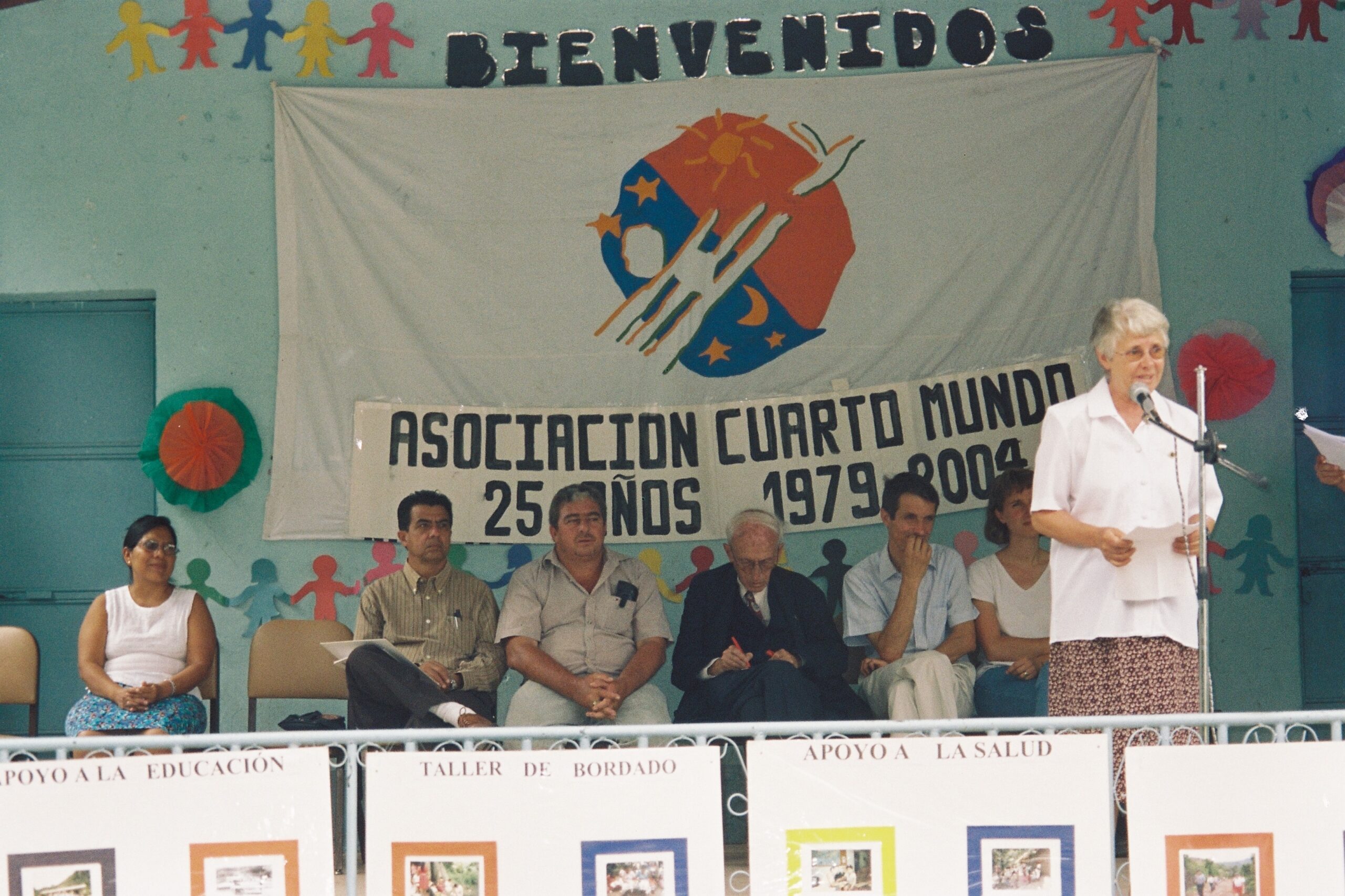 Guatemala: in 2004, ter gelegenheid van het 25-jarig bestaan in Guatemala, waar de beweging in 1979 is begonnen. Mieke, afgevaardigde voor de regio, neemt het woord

* * *

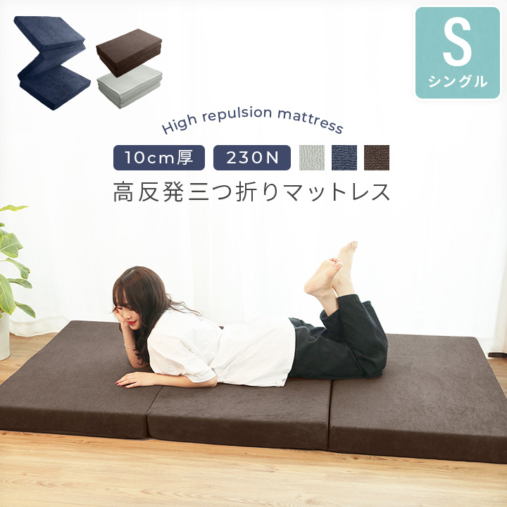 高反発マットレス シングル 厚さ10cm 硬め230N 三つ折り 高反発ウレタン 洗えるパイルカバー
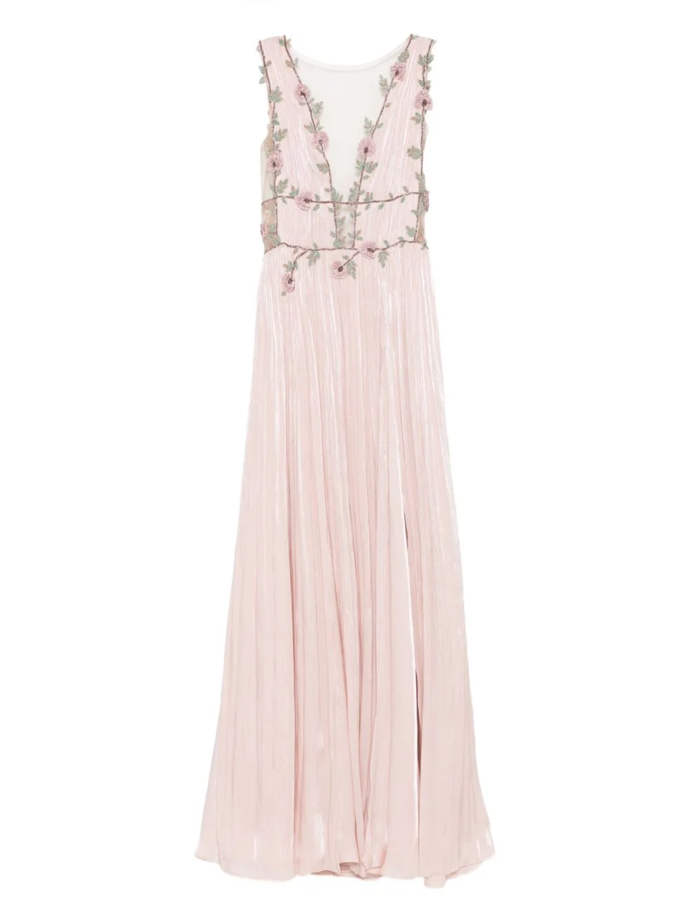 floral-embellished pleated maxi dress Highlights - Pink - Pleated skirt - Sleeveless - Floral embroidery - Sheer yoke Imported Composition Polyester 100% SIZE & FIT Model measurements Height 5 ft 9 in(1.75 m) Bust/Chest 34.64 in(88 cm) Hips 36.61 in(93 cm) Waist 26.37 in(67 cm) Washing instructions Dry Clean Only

---

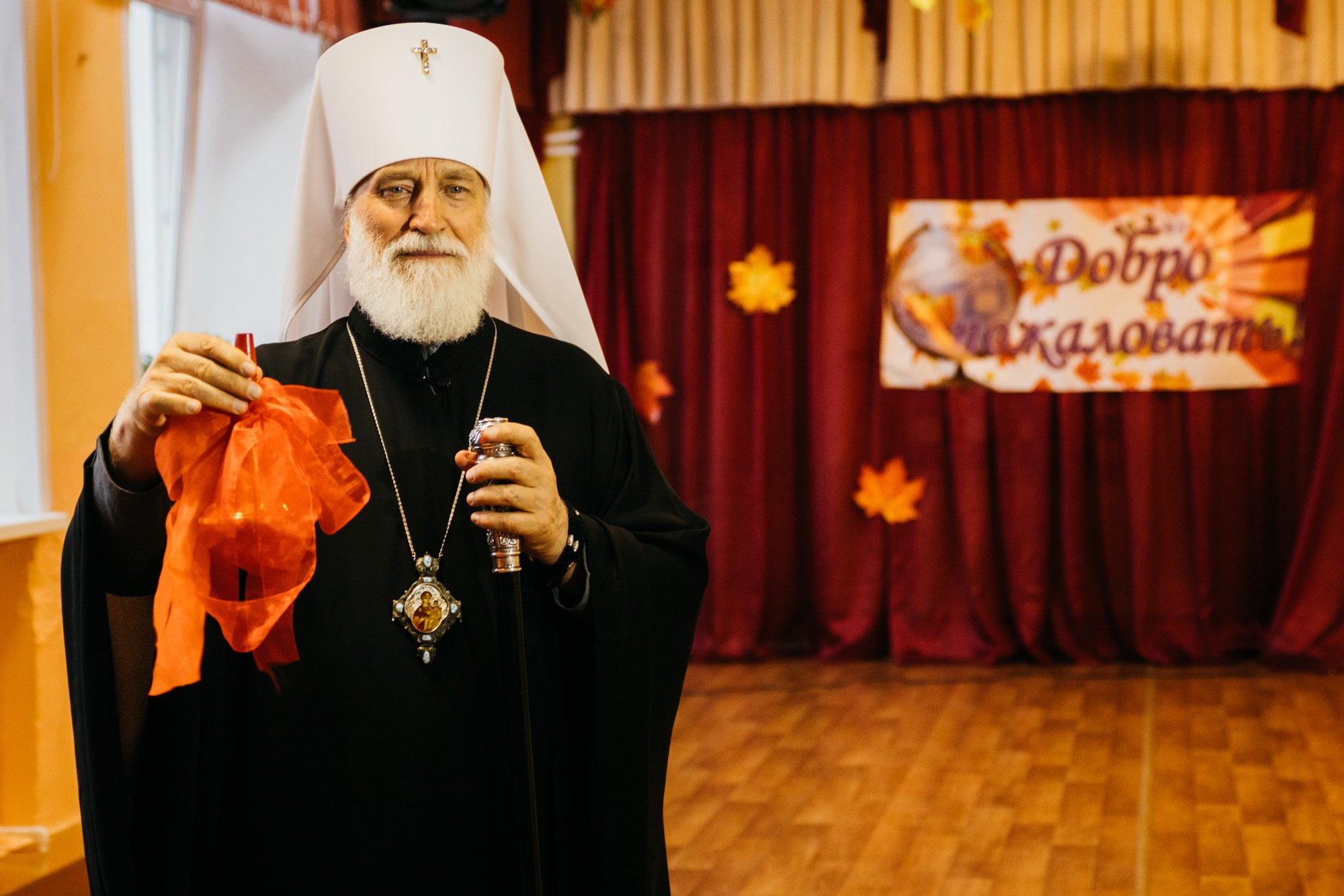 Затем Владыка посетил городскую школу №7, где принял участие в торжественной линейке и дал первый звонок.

#### Exercise goal:
From the records above, write out exactly the lines that begin at the line with "高反発マットレス シングル 厚さ10cm" and end at the line with "floral-embellished pleated maxi". Pictures must not appear in the output.

#### Result of this task:
 高反発マットレス シングル 厚さ10cm 硬め230N 三つ折り 高反発ウレタン 洗えるパイルカバー
 floral-embellished pleated maxi dress Highlights - Pink - Pleated skirt - Sleeveless - Floral embroidery - Sheer yoke Imported Composition Polyester 100% SIZE & FIT Model measurements Height 5 ft 9 in(1.75 m) Bust/Chest 34.64 in(88 cm) Hips 36.61 in(93 cm) Waist 26.37 in(67 cm) Washing instructions Dry Clean Only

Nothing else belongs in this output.